Not to mention that the seeker-sensitive, purpose driven, church growth paradigm is a direct result of Arminianism.


----------



## KenPierce (Aug 19, 2008)

Schaff makes the same point: Arminianism is a liberalizing force (Schaff may have thought that was a good thing --not sure).

IT does seem, historically, as if Arminianism always proceeds liberalism. The PCUSA became creedally arminian (redefining predestination) before it embraced modernism (if memory serves).

But, we need to beware the slippery slope, because the crypto-Catholic could say that Calvinism proceeds Arminianism proceeds Universalism, right?


----------



## Davidius (Aug 19, 2008)

KenPierce said:


> But, we need to beware the slippery slope, because the crypto-Catholic could say that Calvinism proceeds Arminianism proceeds Universalism, right?

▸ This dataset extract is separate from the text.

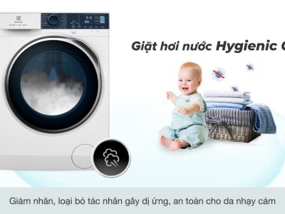Máy giặt Electrolux cửa trước này được trang bị công nghệ giặt hơi nước Hygienic Care giúp quần áo được giặt bằng hơi nước ở nhiệt độ cao, khả năng diệt khuẩn lên đến 99,9% góp phần đẩy lùi vi khuẩn và tác nhân gây dị ứng như mạt bụi, phấn hoa, lông mèo có trên quần áo.

That's exactly what I was thinking. This argument could be turned on its head against us. Not only did Calvinism precede Arminianism, but many Reformed denominations, some which were originally not a part of the remonstration, slid into liberalism and/or heresy almost as quickly as the remonstrants.


----------



## TimV (Aug 19, 2008)

> But, we need to beware the slippery slope, because the crypto-Catholic could say that Calvinism proceeds Arminianism proceeds Universalism, right?


I didn't know there were any crypto-Catholics anymore, since they no longer get killed or thrown in jail. But since someone who holds to the five points or denies all five points can fit into the Catholic church I think in that case you'd be comparing apples and oranges. At least it would be an argument almost impossible to defend if coming from a Catholic.


----------



## Marrow Man (Aug 19, 2008)

KenPierce said:


> But, we need to beware the slippery slope, because the crypto-Catholic could say that Calvinism proceeds Arminianism proceeds Universalism, right?



Good point, but one could make a better case (to the crypto-Catholic) by pointing out that Augustinian thinking prevailed in the early church and was embraced publicly by the Synod of Orange; however, it was when the church began drifting back into semi-Pelagianism that things really began to fall apart.

Of course, there are always other factors involved. It would seem that the common denominator (coming from a former math teacher here!) is adopting a man-centered theology versus a God-centered theology.


----------



## KenPierce (Aug 19, 2008)

Oops ...I meant paleo-Catholic.

My sole point was one of logical argument. There is always a point above you somewhere on the slippery slope, and a point after you.

IT is better to argue from the standpoint of revealed truth, which is clearly Calvinism


----------